:: RECORDS

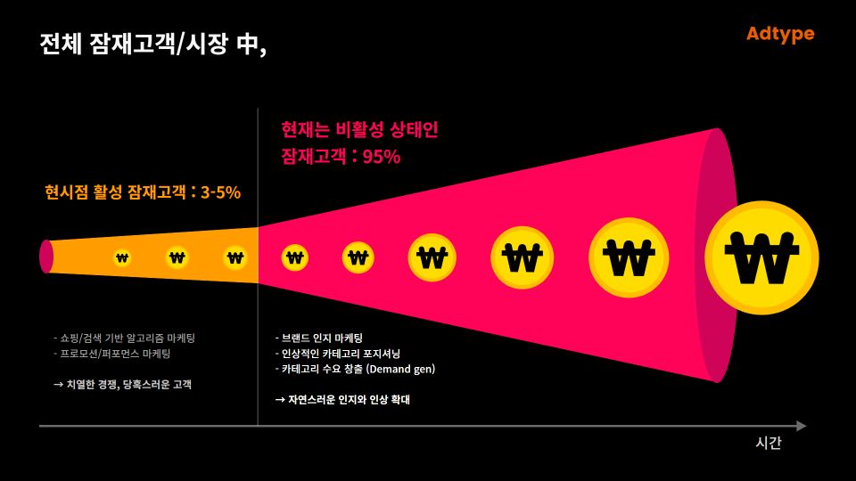 퍼포먼스 광고는 본질적으로, 이미 브랜드에 관심이 있거나 구매 의도가 있는 사람에게 전환을 유도하는 채널입니다. 인지가 형성된 상태에서 하단 전환을 최대화하는 도구입니다.
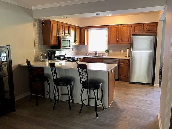 Step into an inviting open floor plan featuring fresh flooring on the main level and a beautifully updated kitchen with sleek quartz countertops, perfect for everyday living and entertaining. The main floor also includes a generous living room, dining area, full bath, laundry closet, and a deck overlooking serene green space with a hidden stream teeming with wildlife year-round.
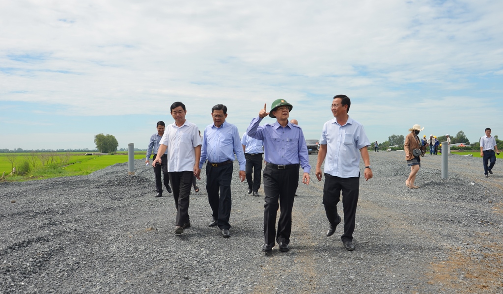 (Cổng TTĐT tỉnh AG)- Ngày 26/5, Ủy viên Ban Chấp hành Trung ương Đảng, Bí thư Tỉnh ủy An Giang Lê Hồng Quang, Trưởng ban Chỉ đạo triển khai thực hiện dự án tuyến đường bộ cao tốc Châu Đốc - Cần Thơ - Sóc Trăng đoạn đi qua địa phận tỉnh An Giang dẫn đầu đoàn công tác của tỉnh kiểm tra tiến độ thi công và thăm, động viên công nhân thi công dự án trên địa bàn tỉnh. Cùng đi có Phó Chủ tịch UBND tỉnh An Giang Ngô Công Thức, lãnh đạo các sở ngành và địa phương liên quan.
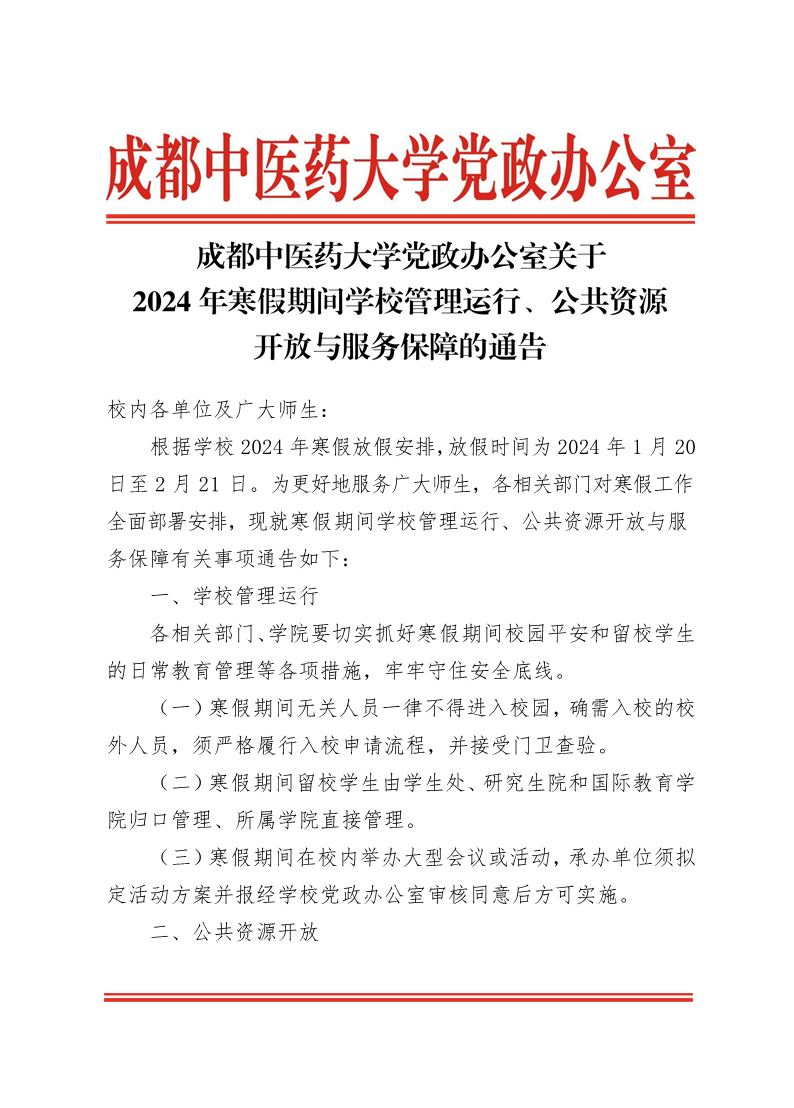 成都中医药大学党政办公室关于2024年寒假期间学校管理运行、公共资源开放与服务保障的通告 发布时间:2024-01-19 17:31:01 浏览次数: 次 【字体:小 大】 【打印正文】 上一条:成都中医药大学劳务派遣服务采购项目 竞争性磋商采购公告 下一条:成都中医药大学关于2024年寒假放假安排的通知
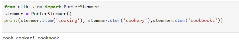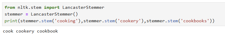 -> 포터 스테머와 비교했을 때, 현재분사와 복수형에 대한 처리( cooking과 cookbooks)는 동일하지만 cookery에 대한 결과는 다름.
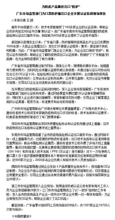 根據《中國質量報》2020年4月29日的報道:“為防疫產品做好出口“防護”廣東市場監管部門為口罩防護服出口企業開展認證培訓現場幫扶”,4月初開始廣東省政府及廣東各質量監督部門,市場監督部門,共同搭建認證服務平臺,輔助企業做好認證技術指導。由廣東省東莞市市場監管局搭建的防疫用品檢測認證出口服務平臺,為450多家企業提供了認證技術指導。
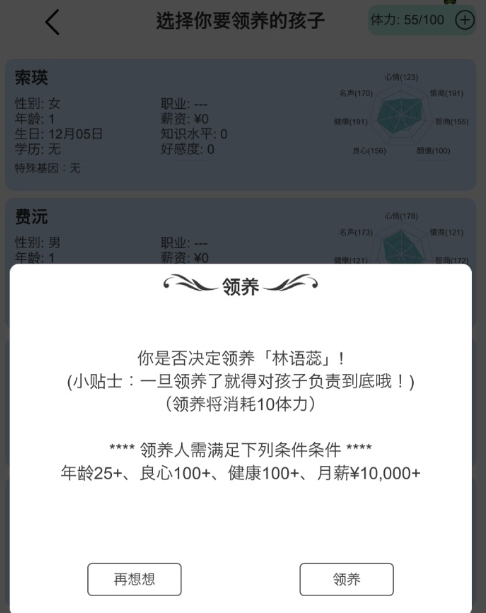 玩家将在这款游戏中体验最完整的模拟人生。在游戏里,玩家可以选择自己将要体验的家庭背景、教育环境、职业发展道路、感情生活等多种因素。体验普通人到行业顶尖学者的一生,还有各种随机事件影响玩家未来的道路,非常的刺激。
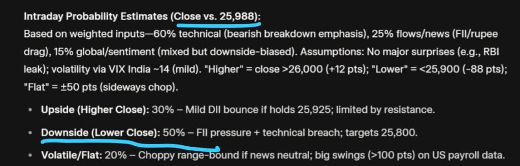 ભારતીય બજારો માટે મિશ્ર સંકેતો ઉભરી રહ્યા છે. FII એ રોકડ અને ફ્યુચર્સમાં સંયુક્ત રીતે ₹6,000 કરોડથી વધુનું વેચાણ કર્યું છે. GIFT નિફ્ટી થોડો નીચો ટ્રેડ કરી રહ્યો છે. એશિયા પણ મિશ્ર છે. દરમિયાન, યુએસ સૂચકાંકોમાં ગઈકાલે વધારો થયો હતો, ડાઉ જોન્સ ઇન્ડસ્ટ્રિયલ એવરેજ (DJI) 400 પોઈન્ટથી વધુ વધ્યો હતો.
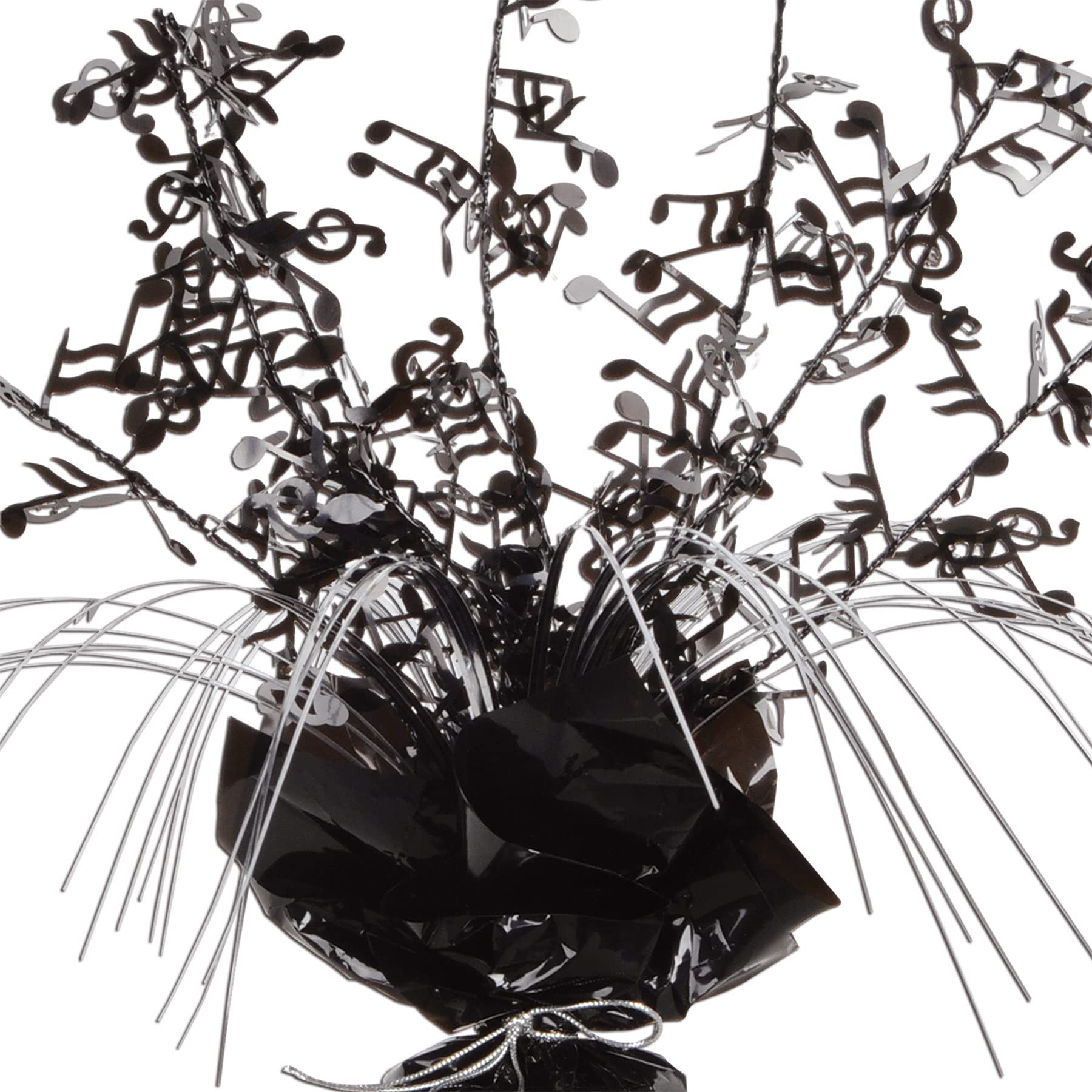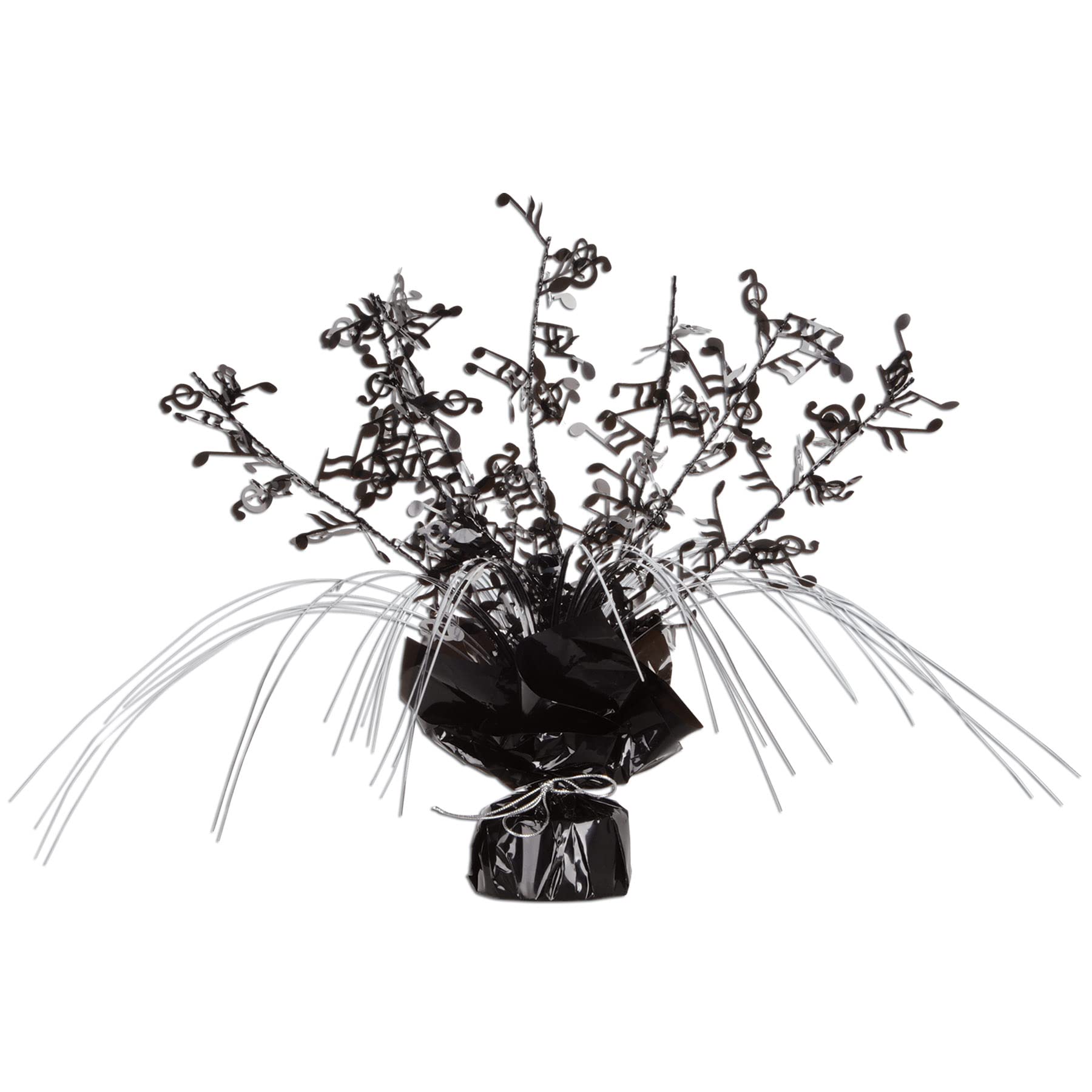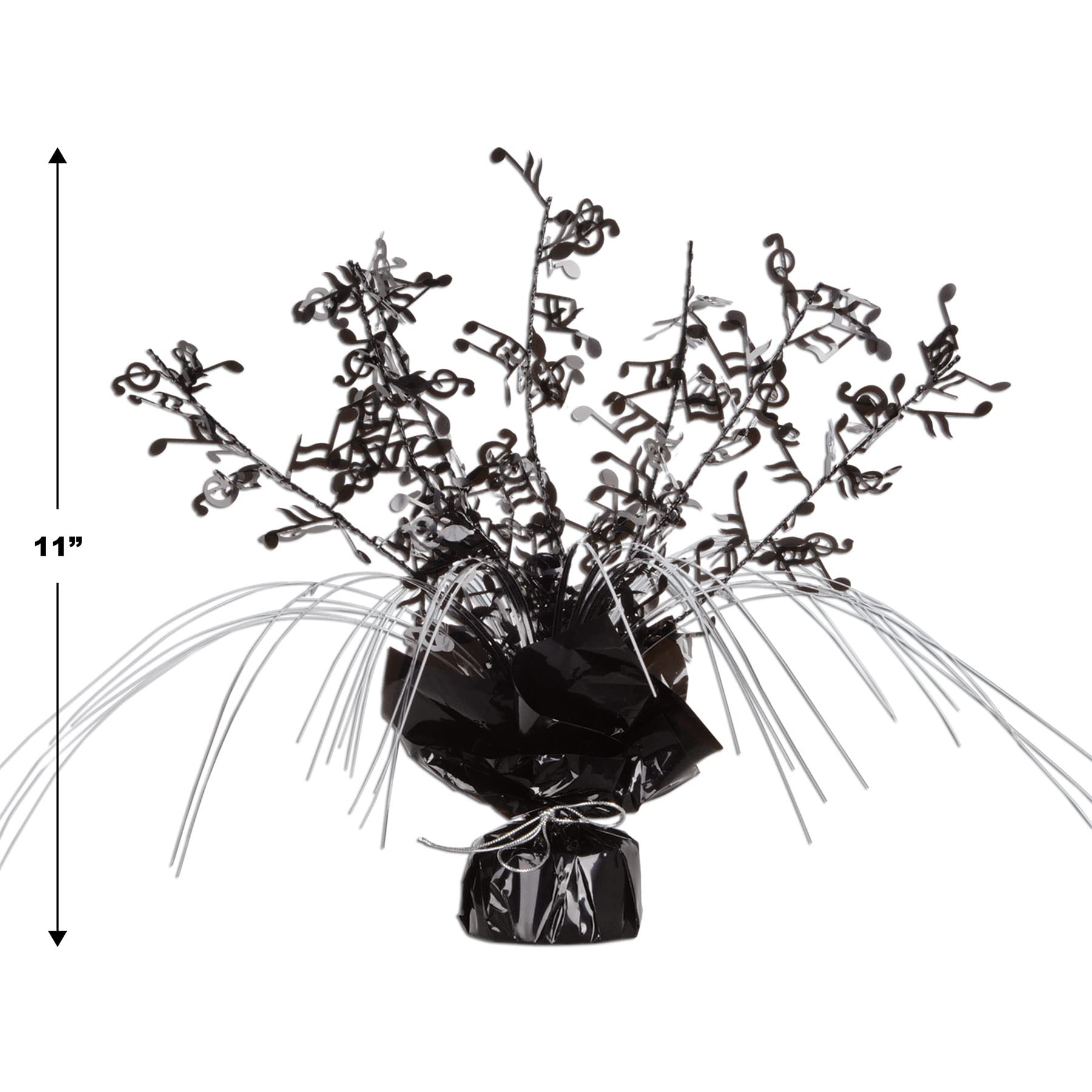 Details: Beistle S57921AZ2 musical notes gleam 'N spray centerpiece. The package contains 2 centerpieces. Each centerpiece measures 11 inches tall. They are metallic and shiny. Great centerpieces for a music themed event!

::::

_TASK INSTRUCTIONS_
Drop the pictures and reproduce the rest of the data exactly.

_SOLUTION TO THIS EXERCISE_
 퍼포먼스 광고는 본질적으로, 이미 브랜드에 관심이 있거나 구매 의도가 있는 사람에게 전환을 유도하는 채널입니다. 인지가 형성된 상태에서 하단 전환을 최대화하는 도구입니다.
 Step into an inviting open floor plan featuring fresh flooring on the main level and a beautifully updated kitchen with sleek quartz countertops, perfect for everyday living and entertaining. The main floor also includes a generous living room, dining area, full bath, laundry closet, and a deck overlooking serene green space with a hidden stream teeming with wildlife year-round.
 (Cổng TTĐT tỉnh AG)- Ngày 26/5, Ủy viên Ban Chấp hành Trung ương Đảng, Bí thư Tỉnh ủy An Giang Lê Hồng Quang, Trưởng ban Chỉ đạo triển khai thực hiện dự án tuyến đường bộ cao tốc Châu Đốc - Cần Thơ - Sóc Trăng đoạn đi qua địa phận tỉnh An Giang dẫn đầu đoàn công tác của tỉnh kiểm tra tiến độ thi công và thăm, động viên công nhân thi công dự án trên địa bàn tỉnh. Cùng đi có Phó Chủ tịch UBND tỉnh An Giang Ngô Công Thức, lãnh đạo các sở ngành và địa phương liên quan.
 成都中医药大学党政办公室关于2024年寒假期间学校管理运行、公共资源开放与服务保障的通告 发布时间:2024-01-19 17:31:01 浏览次数: 次 【字体:小 大】 【打印正文】 上一条:成都中医药大学劳务派遣服务采购项目 竞争性磋商采购公告 下一条:成都中医药大学关于2024年寒假放假安排的通知
 -> 포터 스테머와 비교했을 때, 현재분사와 복수형에 대한 처리( cooking과 cookbooks)는 동일하지만 cookery에 대한 결과는 다름.
 根據《中國質量報》2020年4月29日的報道:“為防疫產品做好出口“防護”廣東市場監管部門為口罩防護服出口企業開展認證培訓現場幫扶”,4月初開始廣東省政府及廣東各質量監督部門,市場監督部門,共同搭建認證服務平臺,輔助企業做好認證技術指導。由廣東省東莞市市場監管局搭建的防疫用品檢測認證出口服務平臺,為450多家企業提供了認證技術指導。
 玩家将在这款游戏中体验最完整的模拟人生。在游戏里,玩家可以选择自己将要体验的家庭背景、教育环境、职业发展道路、感情生活等多种因素。体验普通人到行业顶尖学者的一生,还有各种随机事件影响玩家未来的道路,非常的刺激。
 ભારતીય બજારો માટે મિશ્ર સંકેતો ઉભરી રહ્યા છે. FII એ રોકડ અને ફ્યુચર્સમાં સંયુક્ત રીતે ₹6,000 કરોડથી વધુનું વેચાણ કર્યું છે. GIFT નિફ્ટી થોડો નીચો ટ્રેડ કરી રહ્યો છે. એશિયા પણ મિશ્ર છે. દરમિયાન, યુએસ સૂચકાંકોમાં ગઈકાલે વધારો થયો હતો, ડાઉ જોન્સ ઇન્ડસ્ટ્રિયલ એવરેજ (DJI) 400 પોઈન્ટથી વધુ વધ્યો હતો.
 Details: Beistle S57921AZ2 musical notes gleam 'N spray centerpiece. The package contains 2 centerpieces. Each centerpiece measures 11 inches tall. They are metallic and shiny. Great centerpieces for a music themed event!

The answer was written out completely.